Some recalculations of the random integers occur during the execution of
CountSevens(). It is not clear to me whether these might be occurring during
the execution of the For/Next loop; regardless, I don't see how it could
cause an undercount of 7's.

Here is an alternate VBA code, that simplifies and combines the work of both
OneMillionEvents() and CountSevens(). It also replaces the static value in
F1 with a dynamic formula that will update whenever the RAND() functions
recalculate. I tried about a dozen reps in Excel 2007, and got only one rep
that was statistically different from expectation.

Sub SimplerVersion()
With Range("A1:C1000000")
.ClearContents
.NumberFormat = "0"
End With
Range("A1:B1000000").FormulaR1C1 = "=1+INT(RAND()*6)"
Range("C1:C1000000").FormulaR1C1 = "=RC[-2]+RC[-1]"
Range("F1").FormulaArray = "=AVERAGE((R825001C3:R865000C3=7)*1)"
End Sub

Jerry

yttrias said:
I am grateful to those of you who have responded so quickly to my OP. I
hope you will be able to point out the errors of my ways. The following is
the code sequence for the generation of two sets of 1-million integers
between 1 and 6, and their sum. Then, the subsequent code counts the number
of sevens in a sample of 40,000 sums (divided by 40,000) to give decimal
representation to be compared with ideal ratio of 1/6. I ran the latter code
20 times at arbitrary locations, and averaged those results.

Sub OneMillionEvents()
Range("A1:C1000000").Select
Selection.ClearContents
Selection.NumberFormat = "0"
Range("A1").Select
ActiveCell.FormulaR1C1 = "=1+int(RAND()*6)"
Range("B1").Select
ActiveCell.FormulaR1C1 = "=1+int(RAND()*6)"
Range("C1").Select
ActiveCell.FormulaR1C1 = "=RC[-2]+RC[-1]"
Range("A1:C1000000").Select
Selection.FillDown
Calculate
End Sub

Sub CountSevens()
Dim i, n As Integer
Range("A1").Select
ActiveCell(1, 5) = 40000
ActiveCell(1, 6) = 0
n = 0
For i = 825001 to 865000
If ActiveCell(i, 3) = 7 Then
n = n + 1
End If
Next i
ActiveCell(1, 6) = n / ActiveCell(1, 5)
End Sub

Regards,

Yttrias

--
yttrias


:

You are still providing too little information for us to understand what you
are doing.

There is no RAND() function in VBA. In VBA, you either used the VBA Rnd()
function, or the worksheet RAND() function via Evaluate("RAND()").
As noted in my earlier post, in 2003 the worksheet RAND() function was far
superior to the VBA Rnd(). I have seen no evidence that either function
changed between 2003 and 2007.

Your original post discussed the sum of two (presumably independent) random
integers between 1 and 6 (such as the total from rolling two fair dice). The
expected value of a single such sum would be 7. It is unclear how that
relates to either your observed average of 1587 or expected average of 1667
for an "average of 20 windows of 40,000 consecutive values.

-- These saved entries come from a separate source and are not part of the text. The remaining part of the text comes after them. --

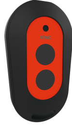
2-button remote control for fittings F3 and F5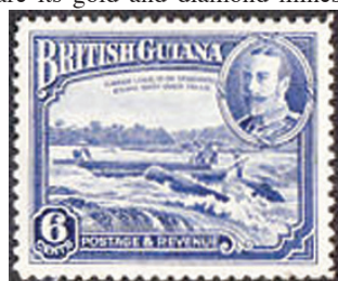
Brit. Guiana 214, shooting logs over falls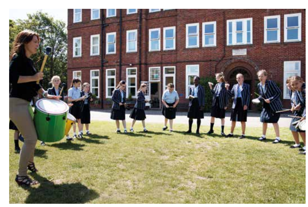
There is a thorough Induction Programme for new pupils and parents, with careful liaison between the Prep School and each child's current school, in an effort to make the process as seamless as possible.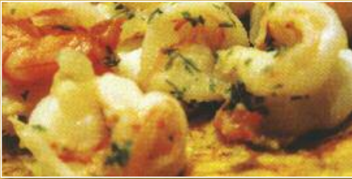
CAMARONES CON TOSTONES $8.99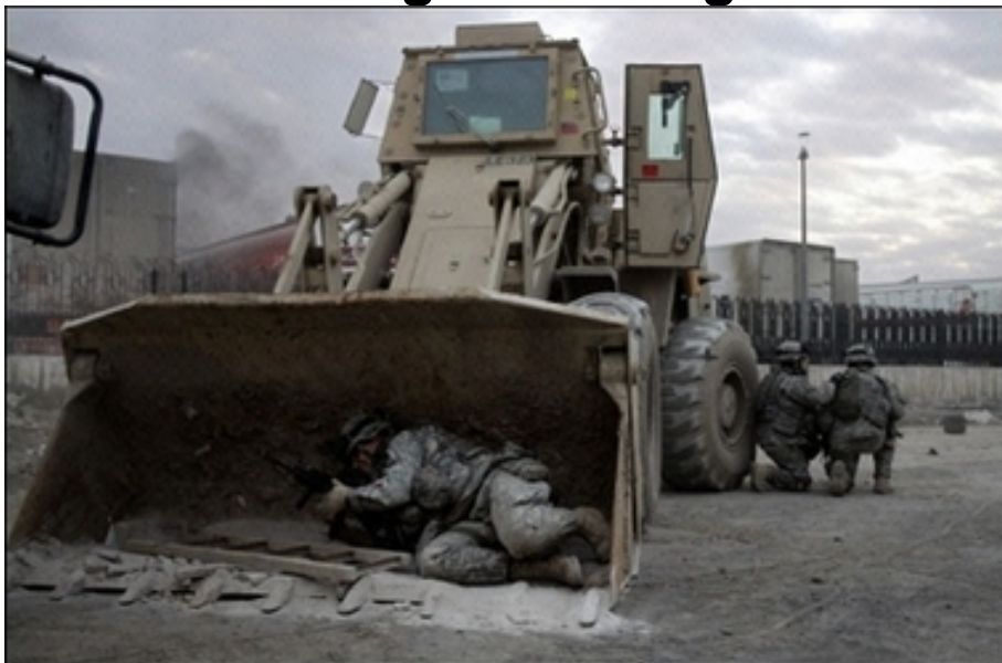
2.16.07: A US soldier takes cover in the shovel of a bulldozer during a sustained gunfight in northern Baghdad.

It sounds as though your VBA would involve only a few lines of code. If you
paste that code into your reply, we can see exactly what you did.

Jerry

:

I ran 1 million samples using RAND in VBA in excel 07. Then I sampled 40,000
consecutive values at 20 different locations throughout the range of 1M. The
average of those 20 windows in the 1M was 1587, where the expected average
should be 1667.
--
yttrias


:

And what was your sample size?
--
Bernard V Liengme
Microsoft Excel MVP
www.stfx.ca/people/bliengme
remove caps from email

I'm testing random numbers for games using excel 07 generator, but there
is
too much bias away from statistical expectation. For example, when two
integer numbers are generated between 1 and 6, and subsequently added, the
results differ from the easily predictable numbers. Sevens are
consistently
in short supply by about 1.5%. That's a lot! Any suggestions for better
randomization in excel would be very much appreciated.
 
R

Rick Rothstein \(MVP - VB\)

I presume your question is dealing with this line of code..

Because the text string is being assigned to the FormulaArray property of
the Range, it means that the text will be evaluated as a spreadsheet
formula, so it must meet the rules for those type of functions. The *1 is
multiplying the logical expression, which will be a TRUE or FALSE result, by
a number in order to turn the TRUE or FALSE result into a number (which the
AVERAGE function needs in order to do its calculation). Sometimes you see
this conversion handled by a double unary affixed to the beginning of the
logical expression (in essence, forcing the calculation by multiply by minus
one times minus one....

Range("F1").FormulaArray = "=AVERAGE(--(R825001C3:R865000C3=7))"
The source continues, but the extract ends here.